Machine Learning Seminar

Gary King
Wednesday, March 1, 2017 -
3:30pm to 5:00pm

Gross Hall, 330 -- Ahmadieh Family Grand Hall

Machine Learning Seminar


Title: An Improved Method of Automated Nonparametric Content Analysis for Social ScienceAbstract: A vast literature in computer science and statistics develops methods to automatically classify textual documents into chosen categories.
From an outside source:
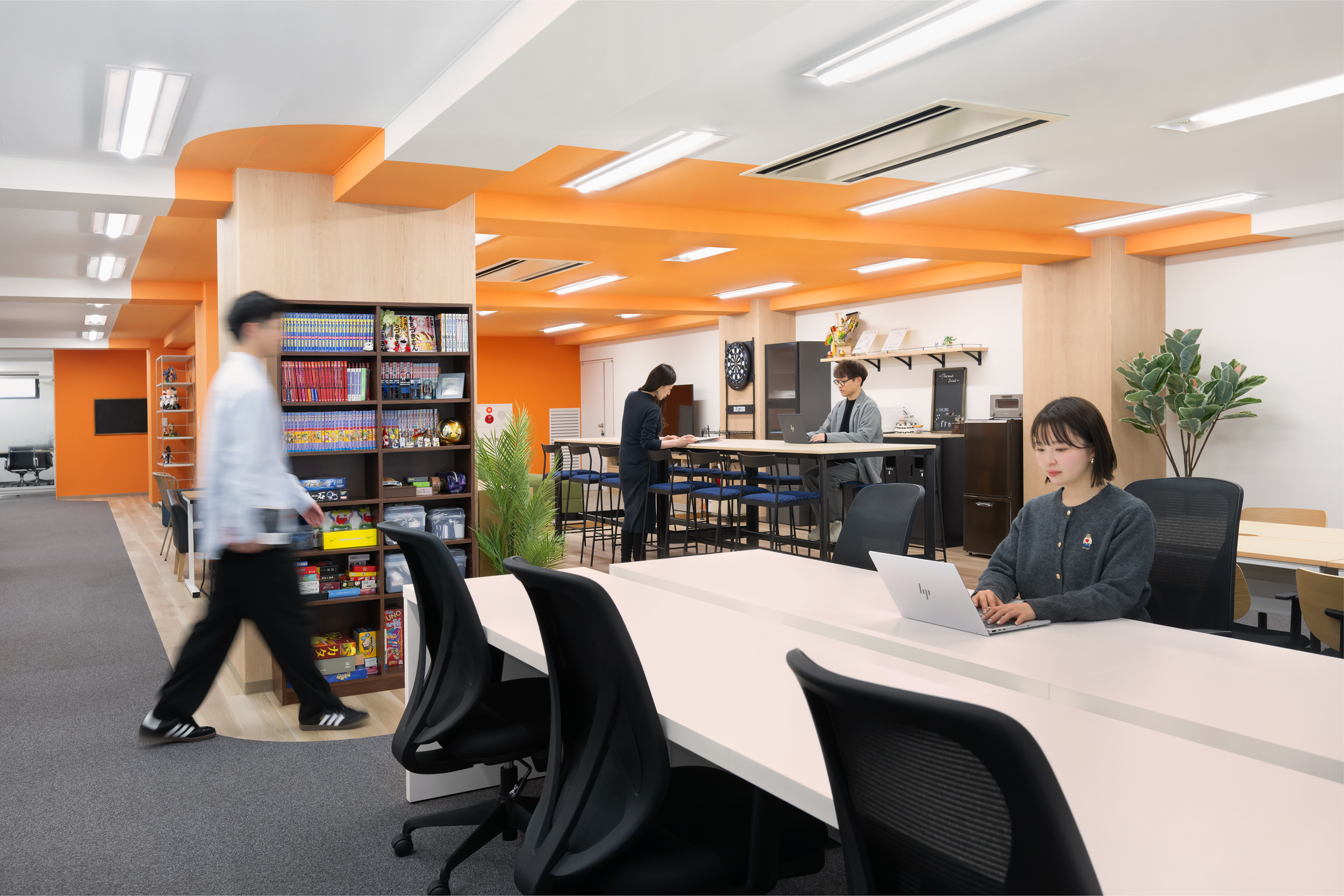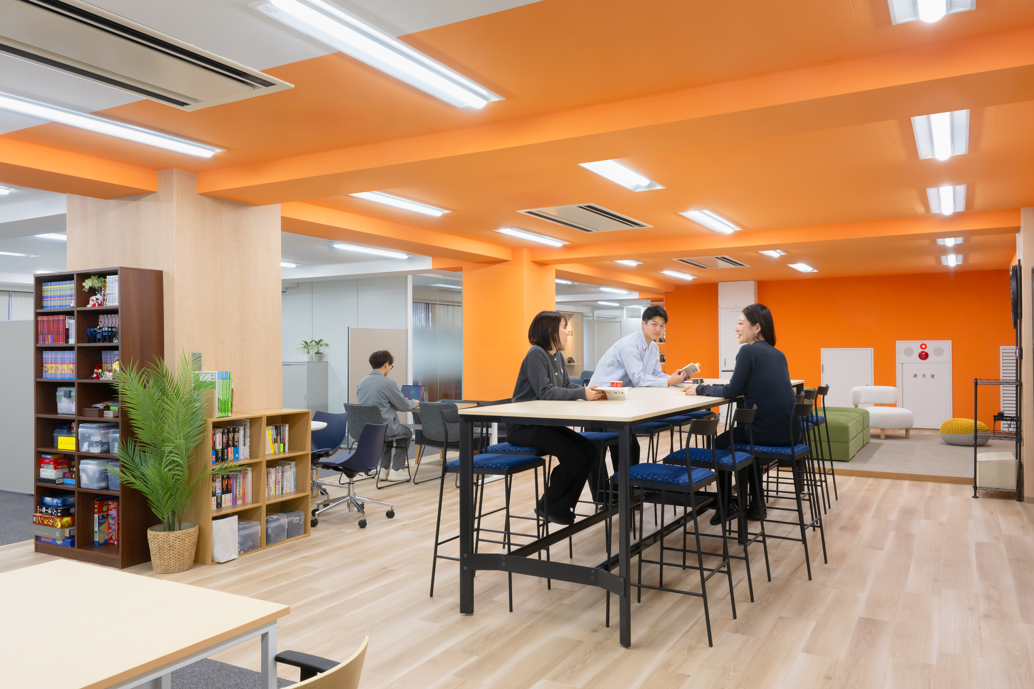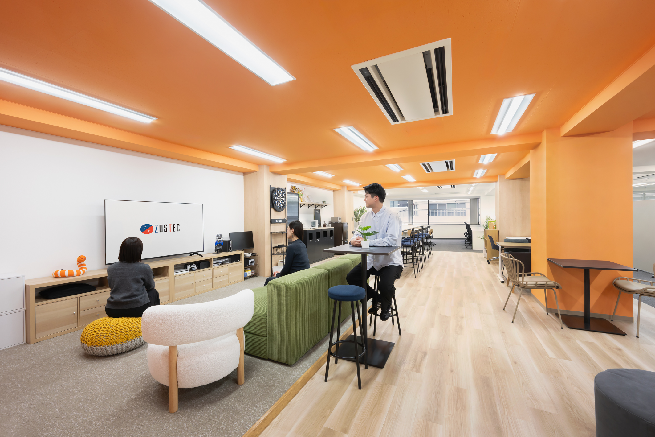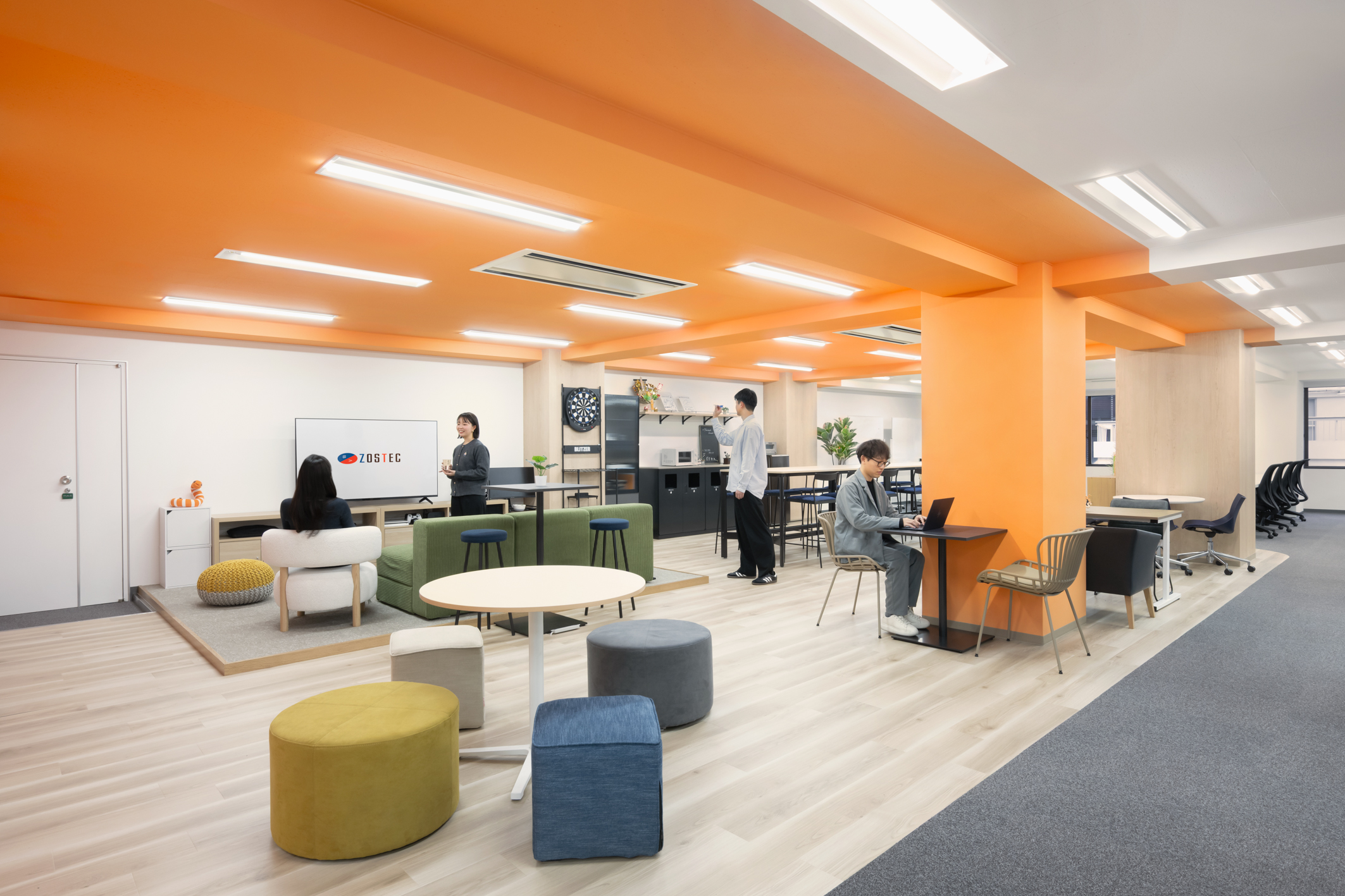 従業員が利用するコミュニケーションエリアを「リビングエリア」とし、明るめのトーンを基調に、リビングを連想させる素材や什器を選定。ZOSTECらしさがより増幅・醸成されるよう、社員間のつながりや交流が活性化される温かみのある空間を構築した。

In contrast, social scientists are often more interested in aggregate generalizations about populations of documents --- such as the percent of social media posts that speak favorably of a candidate's foreign policy. Unfortunately, trying to maximize the proportion of individual documents correctly classified often yields biased estimates of statistical aggregates. Fortunately, classification is neither a necessary nor always a desirable step in estimating aggregate proportions, as in the widely used nonparametric method developed in King and Lu (2008) and Hopkins and King (2010). In this paper, we first prove the properties of this methodology, develop ways around its weaknesses, and show how to improve its estimates in real applications. We then develop a unified approach to inference about statistical aggregates that uses this approach, along with the best classifiers for extrapolations when language changes over time, to produce better estimates than either method can accomplish alone. We evaluate our approach with analyses of 74 separate data sets. This talk is based on joint work with Connor Jerzak and Anton Strezhnev.